Records drawn from a dataset:

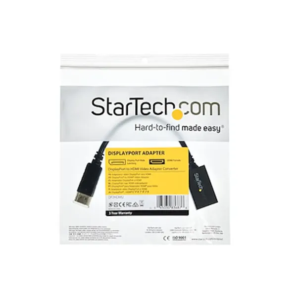 El adaptador / cable StarTech DisplayPort a HDMI permite conectar equipos con salida DisplayPort —como computadores, notebooks, tarjetas gráficas y estaciones de trabajo— a monitores, televisores o proyectores con entrada HDMI, entregando una transmisión de audio y video digital clara y estable.
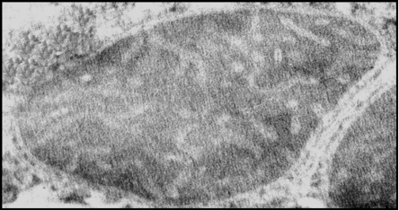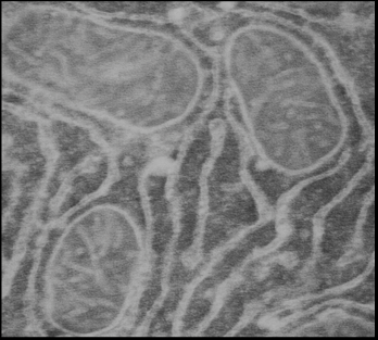 Рис.21 б. Митохондрии и саркоплазматический ретикулум (СР) на срезе кардиомицитов крысы. Срезы инкубированы с антителами к митохондриальному К+-транспортирующему белку. Черные гранулы- сайты локализации К+-транспортирующего белка с м.м. ~ 57 кДа в митохондриях, а также сайты связывания антител с СР.
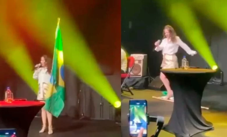 Bebel, filha do cantor João Gilberto, pisa na bandeira do Brasil durante show
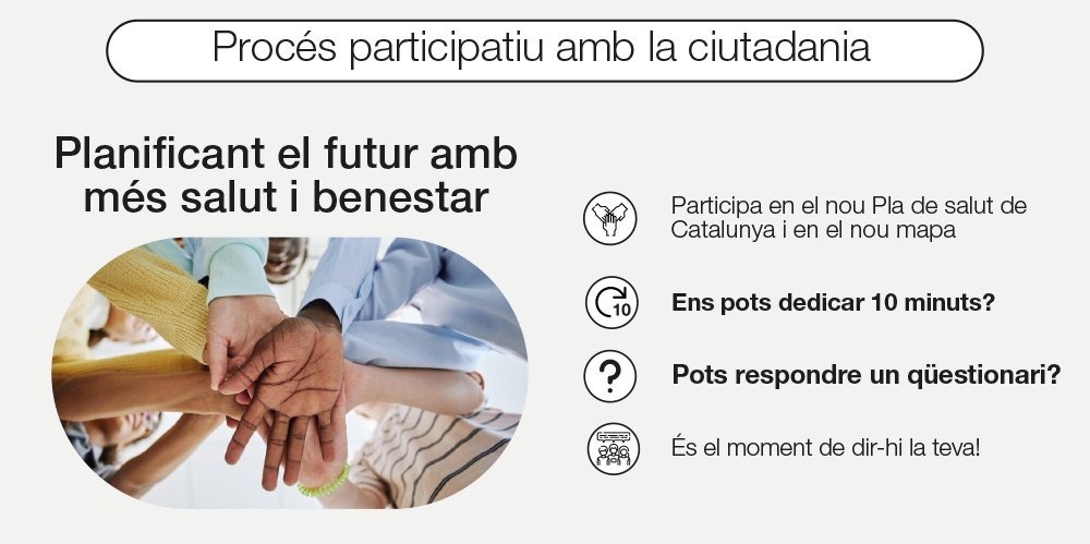 El departament de Salut de la Generalitat de Catalunya ha obert un procés de participació ciutadana per definir el Pla de Salut de Catalunya per als propers 5 anys i conèixer què pensa, què necessita i què proposa la ciutadania de Catalunya.
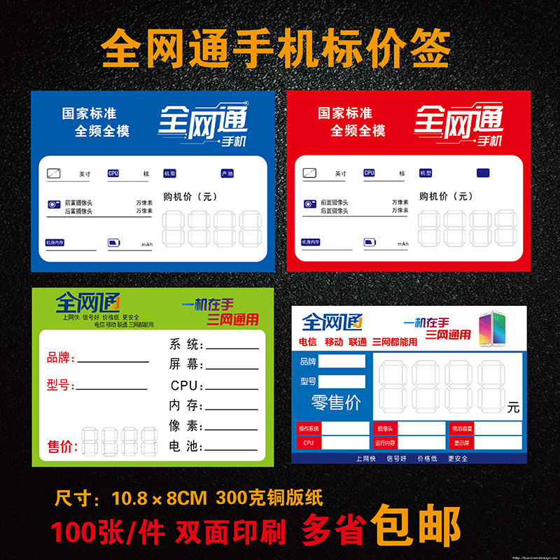全网通标价签手机价格签移动联通电信手机价格牌标价牌标签纸定制热门设计联盟服务商
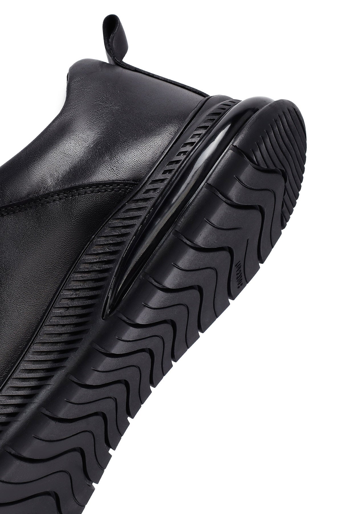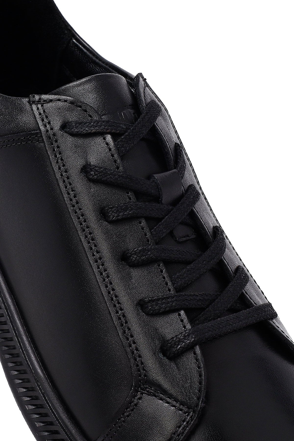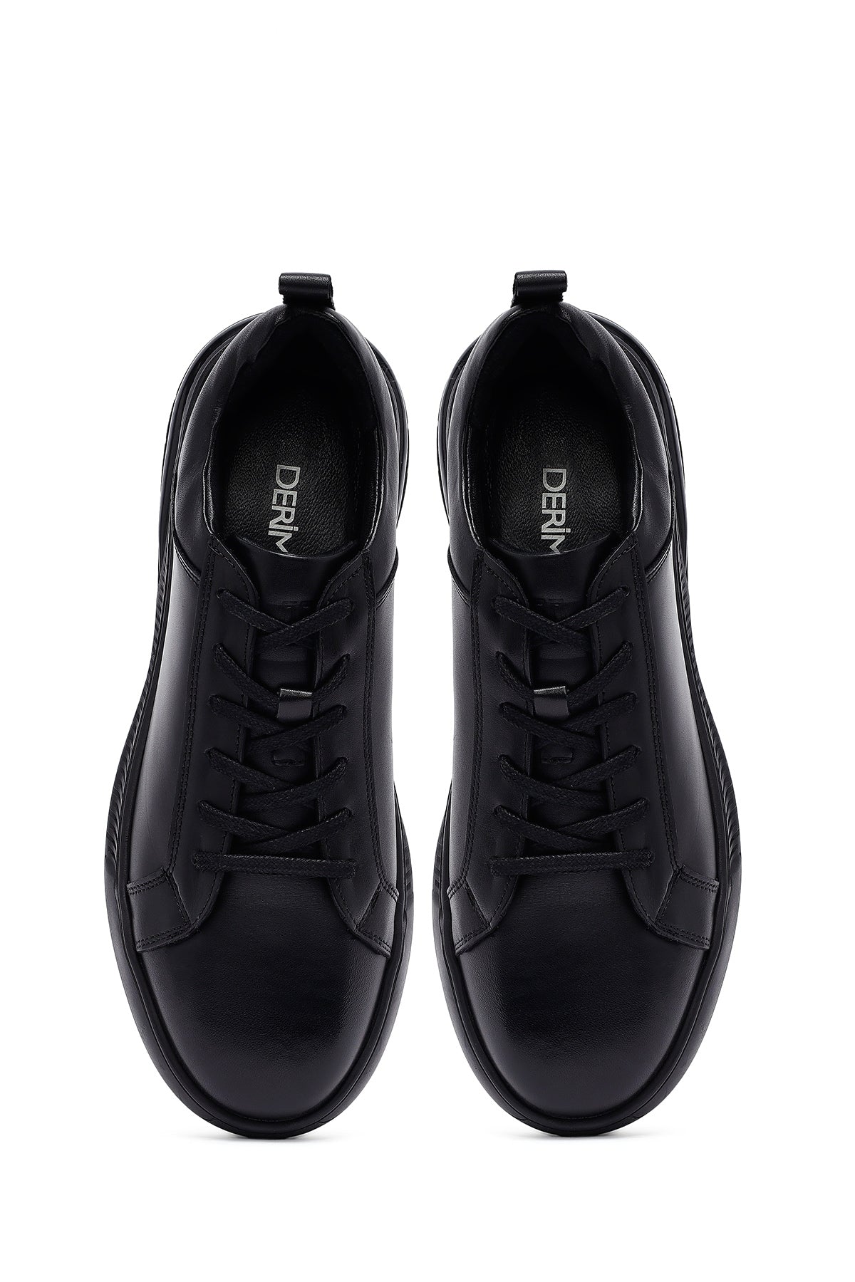 Erkek Siyah Bağcıklı Deri Casual Sneaker

> [EXERCISE INSTRUCTIONS]: A faithful copy of every record is required, with no pictures included.

> [EXPECTED OUTPUT]:
 El adaptador / cable StarTech DisplayPort a HDMI permite conectar equipos con salida DisplayPort —como computadores, notebooks, tarjetas gráficas y estaciones de trabajo— a monitores, televisores o proyectores con entrada HDMI, entregando una transmisión de audio y video digital clara y estable.
 Рис.21 б. Митохондрии и саркоплазматический ретикулум (СР) на срезе кардиомицитов крысы. Срезы инкубированы с антителами к митохондриальному К+-транспортирующему белку. Черные гранулы- сайты локализации К+-транспортирующего белка с м.м. ~ 57 кДа в митохондриях, а также сайты связывания антител с СР.
 Bebel, filha do cantor João Gilberto, pisa na bandeira do Brasil durante show
 El departament de Salut de la Generalitat de Catalunya ha obert un procés de participació ciutadana per definir el Pla de Salut de Catalunya per als propers 5 anys i conèixer què pensa, què necessita i què proposa la ciutadania de Catalunya.
全网通标价签手机价格签移动联通电信手机价格牌标价牌标签纸定制热门设计联盟服务商
 Erkek Siyah Bağcıklı Deri Casual Sneaker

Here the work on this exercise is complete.